Emerald Cloud Lab
- Type: Private
- Predecessor: Emerald Therapeutics
- Founded: 2010; 16 years ago
- Founder: D.J. Kleinbaum; Brian Frezza;
- Headquarters: South San Francisco, California, United States
- Website: emeraldcloudlab.com

= Emerald Cloud Lab =

Biotech company

Emerald Cloud Lab (ECL) is a privately owned biotech startup. The company focuses on advancing laboratory virtualization, for chemistry and biotechnology, by building the first fully functional cloud lab, allowing scientists to conduct all of their wet lab research without being in a physical laboratory.

== Products and services ==
ECL is a remote-access laboratory that allows scientists to conduct experiments via the internet. Scientists ship samples to an ECL facility and design their experiments in the ECL Command Center software application. ECL Command Center is a fully integrated application, where experiments are encoded in a language and grammar designed by ECL to allow remote operation and ensure reproducibility. ECL remotely conducts experiments in a automated ECL facility exactly to the scientist's specifications. While conducting the experiments, the lab operators follow the instructions provided to them by Engine, the company's inventory management and experimental operations software, which the operators sometimes jokingly refer to as "Eugene". The platform collects and organizes all data generated by and relevant to experiments into a knowledge graph. ECL Command Center's extensive suite of tools can then be used to plot, analyze, and visualize results.

==History==

===Founding===
Emerald Therapeutics was founded in 2010 by D.J. Kleinbaum and Brian Frezza in an effort to develop "antiviral therapeutics for diseases such as HPV and HIV". During this time, they experienced frustrations with laboratory hardware and software. Hardware often comes from disparate manufacturers, software is often rudimentary, and output can vary in formatting. To simplify laboratory testing, the group wrote centralized management software for the different machines and a database to store all metadata and results. This "laboratory operating system" continued to expand in capabilities, including the ability to directly control instrumentation and manage inventory and procurement. Recognizing the value this type of system presented outside of their own development goals, Kleinbaum and Frezza launched this service in 2014 under the name Emerald Cloud Lab. In 2016, Emerald Cloud Lab and Emerald Therapeutics were spun off from one another, and both are independent corporations.

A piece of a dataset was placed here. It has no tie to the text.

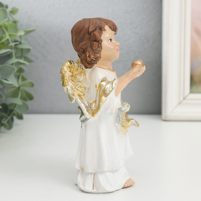 Сувенир полистоун "Ангел в бежевом платье, с золотыми яблоками" золотые крылья 7х7,5х14,5 см 94915

===Business development===
As of 2014, Emerald Cloud Lab offered access to 40 types of laboratory instruments. By 2017, the range of instruments had expanded to 106. As of July 2020, Emerald Cloud Lab offered full control of over 150 laboratory instruments, with plans to expand capabilities outlined through 2021.

Researchers and pharmaceutical groups have long been concerned about the lack of reproducibility of laboratory testing in the biomedical field. A 2017 literature analysis article posited that highly automated, internet connected labs like ECL could ameliorate the problem. The paper concludes that, "we believe that robotic labs can provide the basis for performing a large percentage of basic biomedical research in a reproducible and transparent fashion". Frezza has described this laboratory inconsistency as one specific reason for the development of Emerald Cloud Lab and the use of automation.

==Financing==

After spinning out of Emerald Therapeutics, the company has gone on to raise capital in multiple rounds. Key investors include Founders Fund, Schooner Capital, OS Fund, Alcazar Capital, Western Technology Investment, Sound Ventures, SciFi VC, Incite Ventures, and Spike Ventures.

The business got its second round of funding by 2014 from the Founders Fund (FF), a venture capital firm founded by Peter Thiel, bringing total funding raised from FF up to $13.5 million. The first FF funding round was not public.